Google is making a copy of the entire work in digital format.
You may be right, but I believe you are mistaken, on both technical and substantive grounds.
Technical: Although the libraries are scanning entire works, it is doubtful that the scans will be stored as digital copies of the works. Think about it. There are likely an order of magnitude more works than words. The primary entry in the index would, at first approximation, be words, not works. When a user's query is "Lincoln," the index ought not start with "AA Great Britain Road Atlas" and work through "ZY Calculus" looking for "Lincoln." Instead, it will start with "Lincoln" (or the hash value), and follow the links on "Lincoln" to the names of works where "Lincoln" appears most frequently, and then pull up the (maximum of) three fragments where "Lincoln" occurs. There is no requirement there for the entire work to be stored, only sufficient fragments to satisfy the maximum complexity of search the interface supports. As each work is scanned, it is broken up into its component words, and the index entry for its words are updated with counts and pointers. The work in its entirety need never reside in the system.
Substantive: The libraries have partnered with Google to, on their behalf, read the works they own and prepare, electromechanically, a more thorough version of the subject catalogs the libraries already have the right to maintain. That Google is (perhaps) supplying the equipment and (perhaps) hosting the catalogs does not somehow convey the contents of that catalog from the library's ownership to Google's. The libraries use electric power from the untility and bulbs from General Electric; by means of the light generated, the libraries' patrons are able to find (in a room that would otherwise be dark) the libraries' books, but this does not mean that the libraries have somehow ceded control of the books to the utility or Generl Electric.

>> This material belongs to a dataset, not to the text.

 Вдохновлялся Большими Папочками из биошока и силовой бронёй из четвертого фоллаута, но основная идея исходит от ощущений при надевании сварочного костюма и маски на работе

Similarly, patrons are able to find (in a collection that would otherwise be opaque) the libraries' books by means of the correlations revealed by the libraries' catalog (prepared with Google's assistance), and likewise, this does not mean the libraries have ceded control of their collections to Google.

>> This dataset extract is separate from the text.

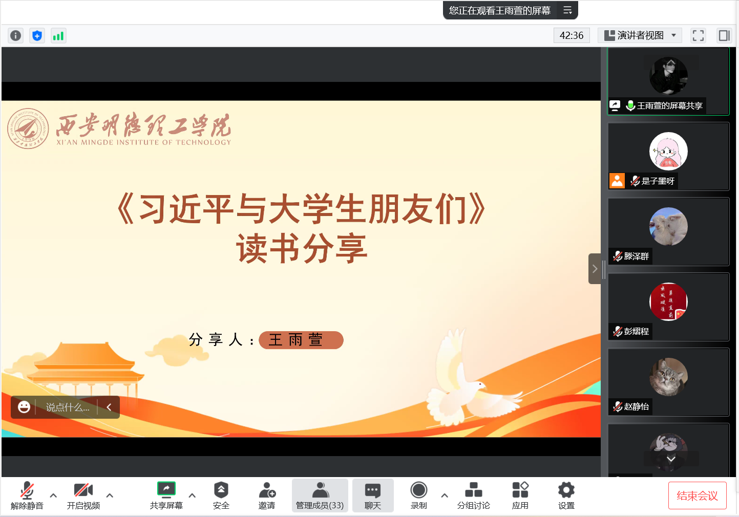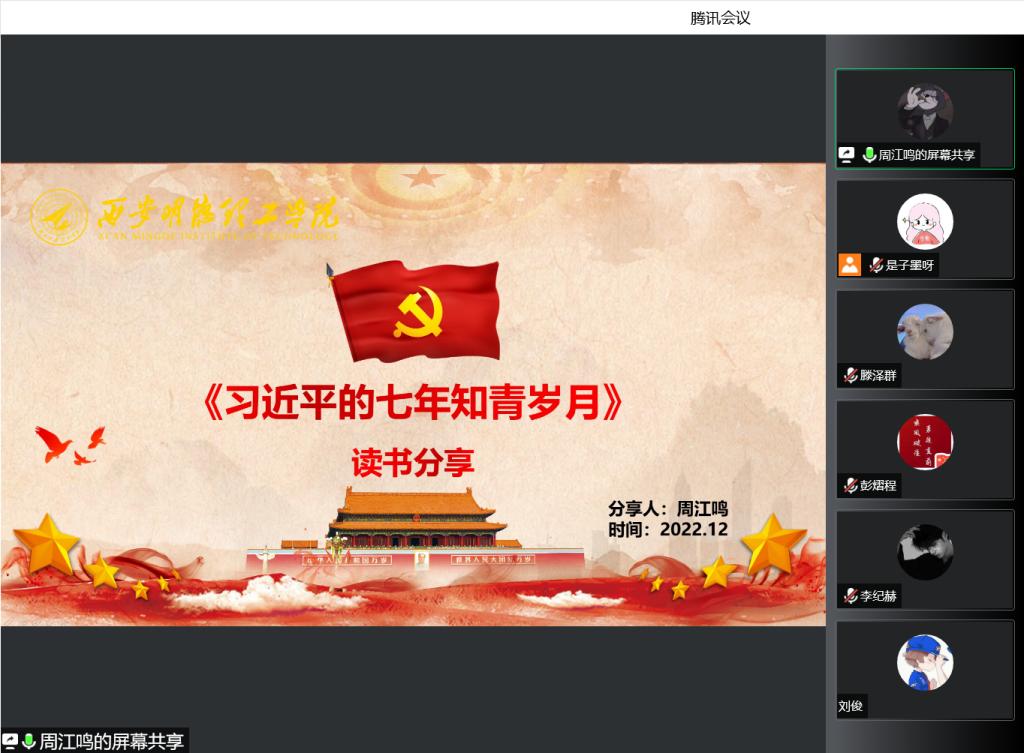 为不断深化对青年学生党员的思想政治引领,引导广大青年厚植爱党、爱国、爱社会主义的情感,大力营造爱读书、读好书、善读书的浓厚氛围。经济与管理学院学生第六党支部于12月17日下午举办“品读经典、锤炼党性”主题党日读书分享会,本次活动通过腾讯会议形式开展,支部全体党员参加了读书分享,分享会由支部书记马子墨主持。

It is entirely possible that he could appoint me as an agent to put together an index, even a searchable index, of the books in the library. It is not, however, in his power to tell me that I can then keep a copy of all the library's books and use them for my own business.

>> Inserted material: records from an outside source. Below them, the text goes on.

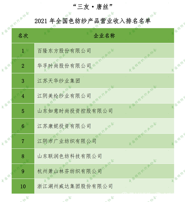 2022年,根据“会员参与、自愿申报、客观排名”的原则,中国棉纺织行业协会继续开展企业营业收入排名工作,并得到了广大会员企业的大力支持与积极响应。中国棉纺织行业协会正式发布“三友·唐丝” 2021年全国棉纺织行业营业收入排名百强名单、“三友·唐丝” 2021年全国棉纺织行业优良发展型企业名单、“三友·唐丝” 2021年全国非棉纱产品营业收入排名名单(含粘胶短纤纱、涤纶短纤纱产品排名名单)、“三友·唐丝” 2021年全国色纺纱产品营业收入排名名单。本工作得到了唐山三友集团兴达化纤有限公司的大力支持!
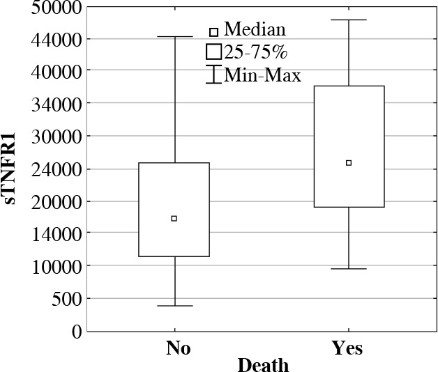 Moreover, it was observed that in the subgroup of deceased patients with severe infections, the level of protein sTNFR1 concentrations was significantly higher (26,114.80 pg/ml; p = 0.0342) compared with the group of septic patients who survived (20,232.00 pg/ml) (Fig. 6).
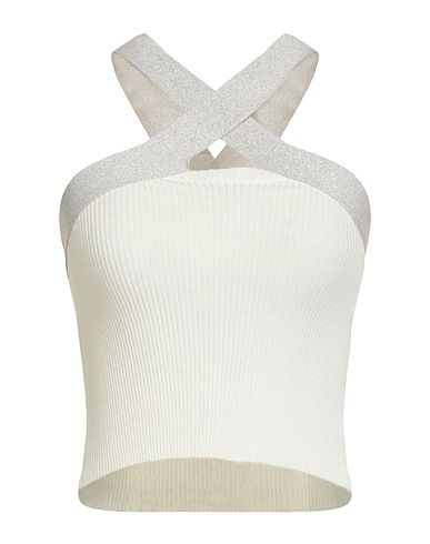 top, knitted, metallic, lightweight knit, two-tone, no appliqués, v-neck, sleeveless, hand wash or dry clean, do not bleach, do not tumble dry

Google is neither keeping nor even receiving a copy of the works the libraries' own and have the right to make discoverable. Google simply provides the expertise and equipment. The works never become Google's property. In terms of your example, once you cease being the librarian's agent, you lose access to the works. This is unlike the Google Library project, because the Google Library project is perpetual. If a library were to terminate Google's agency, Google would lose access to that library's works. There is no transfer.
Discoverable has nothing to do with allowing Google to copy entire works, store them, and use them for their own business.
The libraries are not granting Google the right to use their collections for Google's own business. Google is the libraries' expert agent for indexing the volumes the libraries own in order for the libraries to carry out the libraries' business. That business is just, legitimate, and lawful.